Data records START

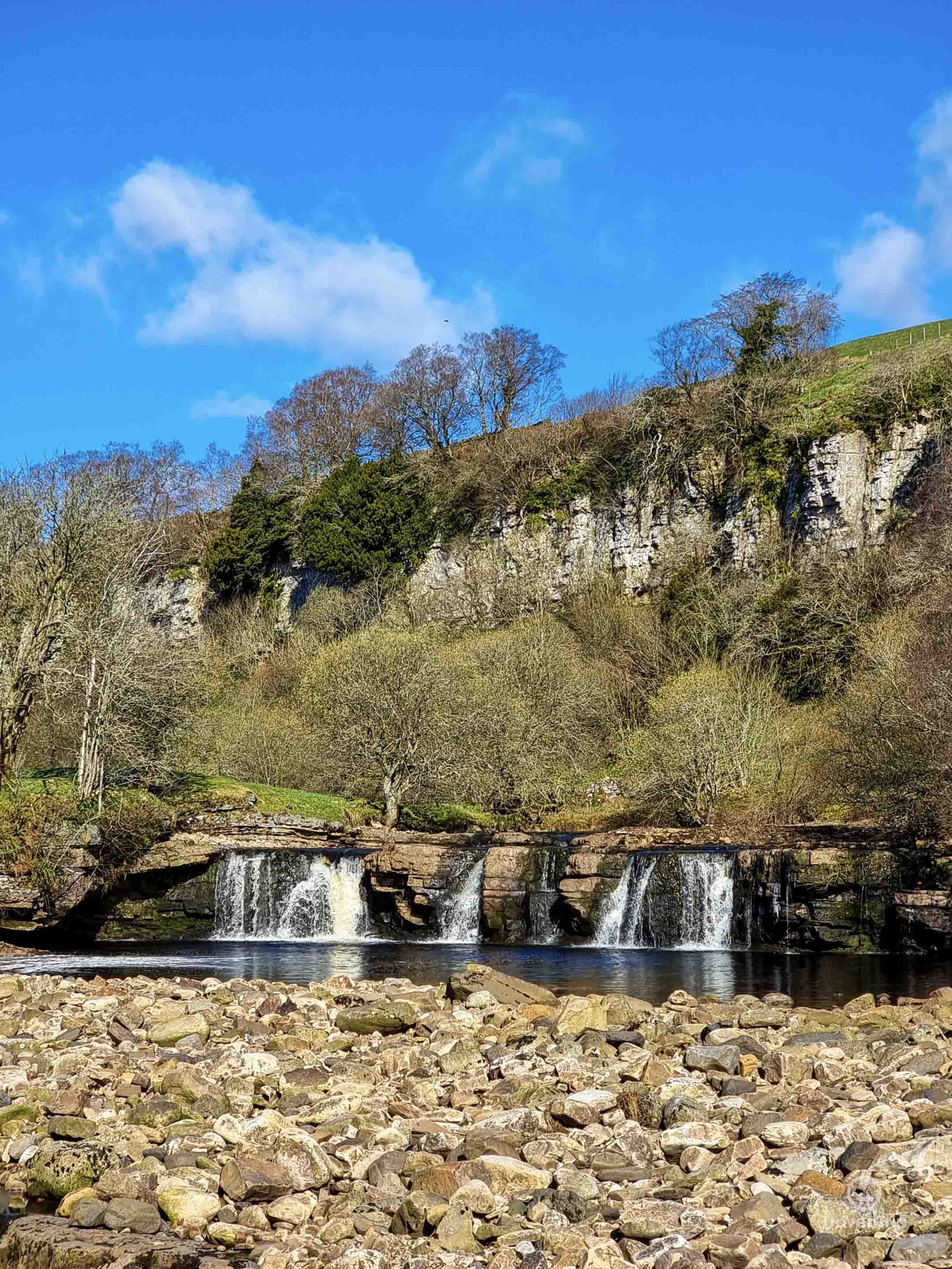 There a lot of newly born lambs who aren’t yet steady on their feet, so I’m careful not to scare them too much as I attempt to tiptoe through them to the next waterfall which I can see down the hill in the distance.
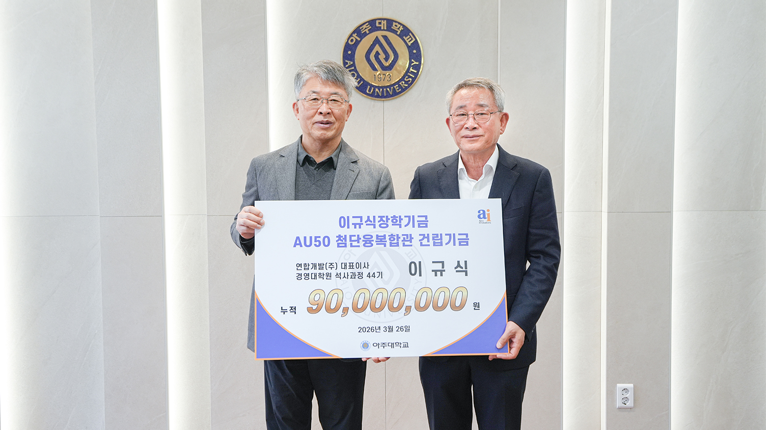 26일 율곡관 총장실에서 열린 기부금 전달식에는 채교석 ㈜두두인터내셔널 대표이사, 이규식 ㈜연합개발 대표이사, 김동율 주식회사 액트(ACTS) 대표이사가 참석했다. 학교에서는 최기주 총장과 조경숙 대학발전본부장, 강민철 경영인텔리전스학과 교수가 자리했다. 최기주 총장이 아주가족을 대표해 감사 인사를 전하고, 감사패와 예우품을 전달했다.
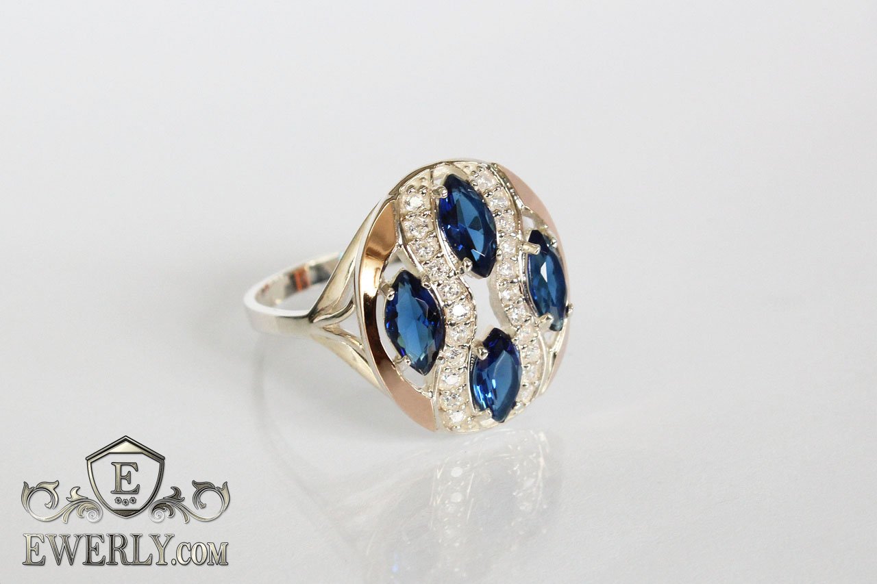 Женское серебряное кольцо 925 пробы с золотыми пластинами 375 пробы с синими фианитами.
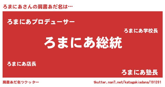 | 意味不明あだ名 | 『自称ろまにあ』『ペロリンろまにあ』 |
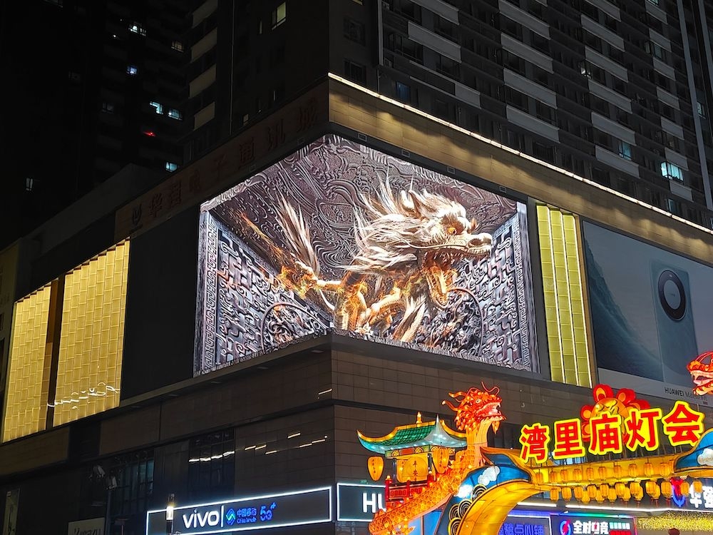 根据文化内核的定位,以LED显示屏为载体,通过裸眼3D、LED天幕、3D Mapping、AR光影互动等表现形式、利用空间维度、虚拟维度、现实维度技术,将艺术创新与数字技术相结合,提供各类沉浸式空间体验服务,打造城市新地标,增强城市魅力,真正做到“建筑可阅读、街道可漫游、历史可穿越”。
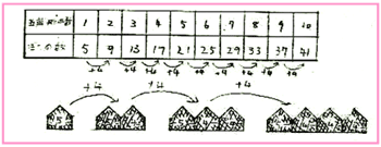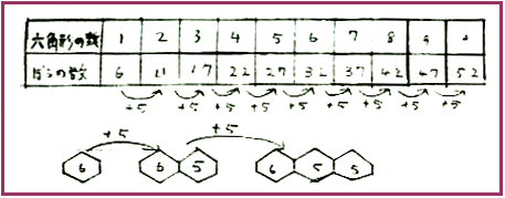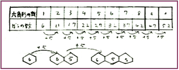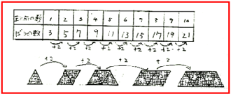 段の数が1増えると,ひごの増える数は,6,8,10・・・と2ずつ増えている。 |
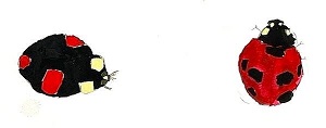 虫博士のK君(小学4年生)はナミテントウとナナホシテントウを描きました。赤い色が鮮やかです。
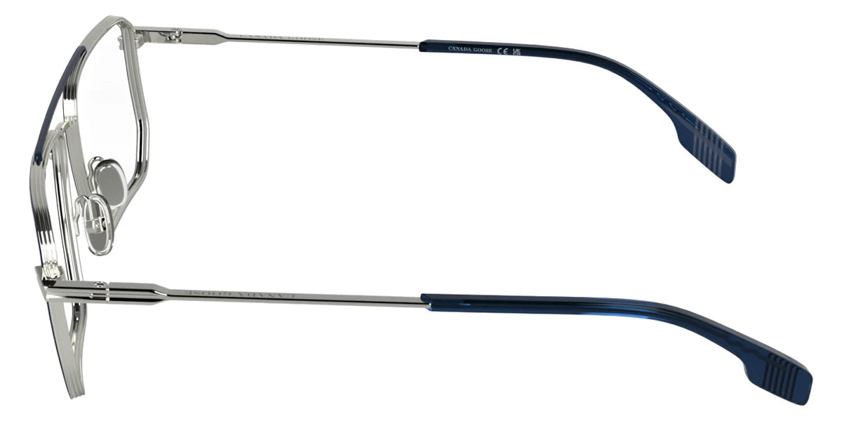 Silver/Blue (040) Eyeglasses (GC25512E 040 57) by Canada Goose™. Size: 57-18-145, Shape: Rectangle, Material: Titanium.
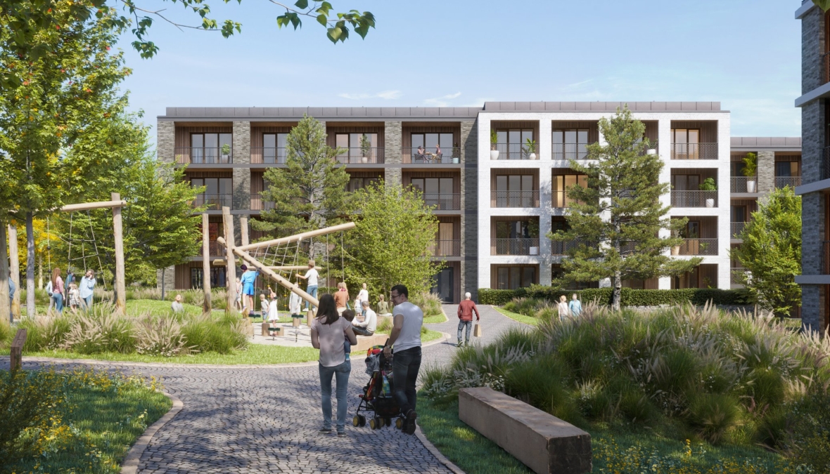 Skanska ve svém projektu počítá i se společnými prostory. Může tu vzniknout například dětská skupina na hlídání nebo koutek pro kutily. Ve vnitrobloku pak dětské prolézačky a lavičky k odpočinku.
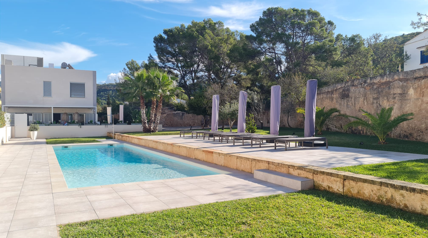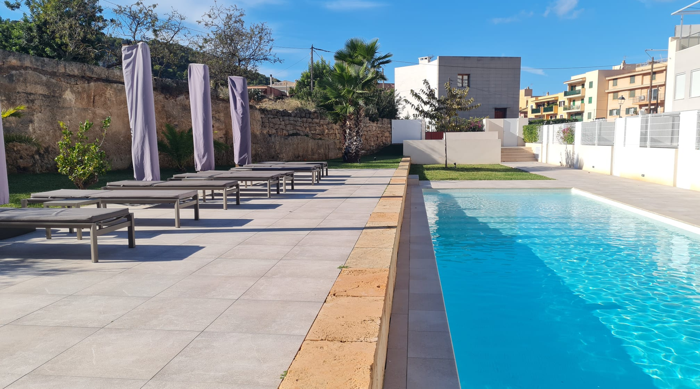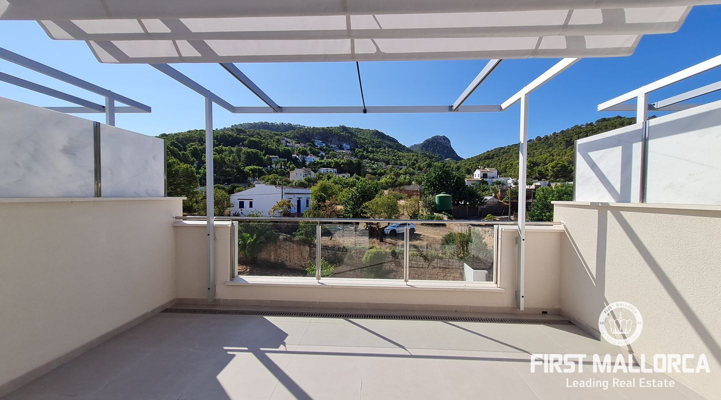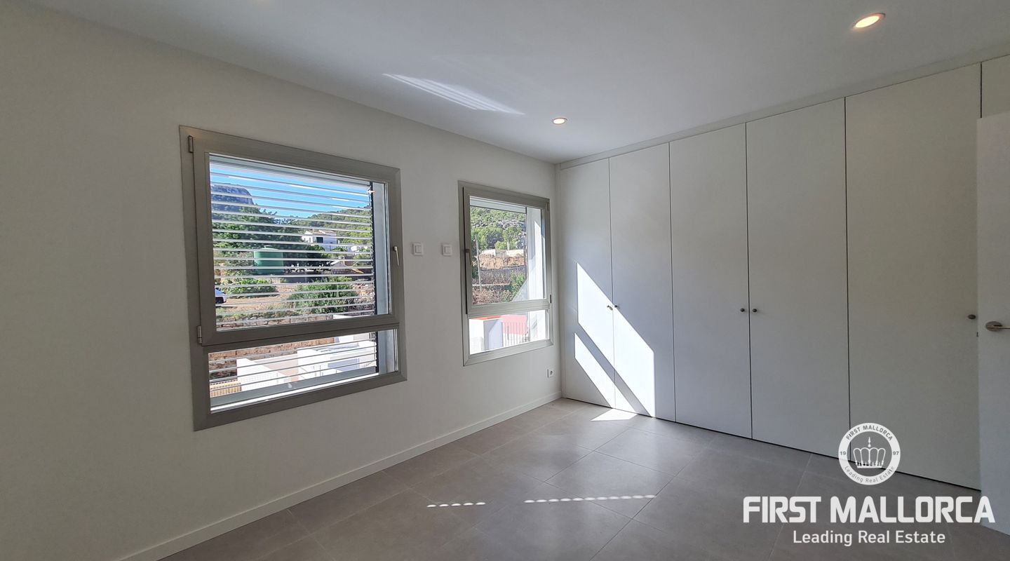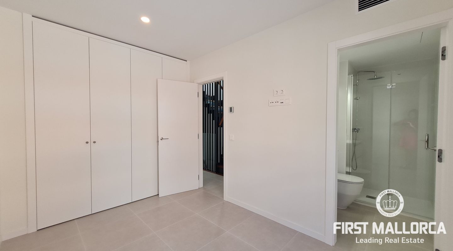 This brand new townhouse is the ideal place to reside the entire year or to use as a second home. Located within a modern development with a saline swimming pool and community gardens, this property offers residents the opportunity to enjoy the Mediterranean lifestyle and is easy walking distance to the harbourside, the international cuisine restaurants, sunny terrace cafés, chic boutiques and all amenities within the vicinity. The distribution is set over 4 floors with a private lift and stairs to all levels. The entrance level comprises a guest wc, a spacious living room with an open plan kitchen, doors leading to the private terrace and garden with an access to the community gardens and lovely swimming pool area. The first floor has a generous master bedroom with an ensuite bathroom and in addition a double bedroom with a shower bathroom ensuite. The upper level offers a wonderful open plan area which is ideal as a bedroom or an office enjoying a private terrace with panoramic views to the hills and the community swimming pool and there is also a rear terrace for laundry purposes. All bedrooms have fitted and furnished wardrobes, home automation controls, electric or manual shutters and an internet/ TV connection. Further features of this perfect property include: an Ecodan economy efficient heat pump system for hot & cold air-conditioning and underfloor heating, double glazing, ceramic floors, halogen lighting throughout, sun blinds, osmosis water tap, fully equipped kitchen with new appliances and a breakfast bar. The lower level comprises the private lock up garage for 2 cars, a separate laundry room and a store room. Rented unfurnished but owner will install a washing machine and drier if desired and also finish the garden area according to the wishes of the tenants. Puerto Andratx is one of the most sought after areas to live on Mallorca offering wonderful facilities and only a short drive to the local beaches of Camp de Mar and Paguera. The historical Palm city centre is only a 25 minute drive away with a lively ambience and exquisite shopping all year around.

Data records END

_Work required_
Reproduce the data above exactly, but only from the line containing "段の数が1増えると,ひごの増" through the line containing "Skanska ve svém"; skip the pictures.

_Result_
 段の数が1増えると,ひごの増える数は,6,8,10・・・と2ずつ増えている。 |
 虫博士のK君(小学4年生)はナミテントウとナナホシテントウを描きました。赤い色が鮮やかです。
 Silver/Blue (040) Eyeglasses (GC25512E 040 57) by Canada Goose™. Size: 57-18-145, Shape: Rectangle, Material: Titanium.
 Skanska ve svém projektu počítá i se společnými prostory. Může tu vzniknout například dětská skupina na hlídání nebo koutek pro kutily. Ve vnitrobloku pak dětské prolézačky a lavičky k odpočinku.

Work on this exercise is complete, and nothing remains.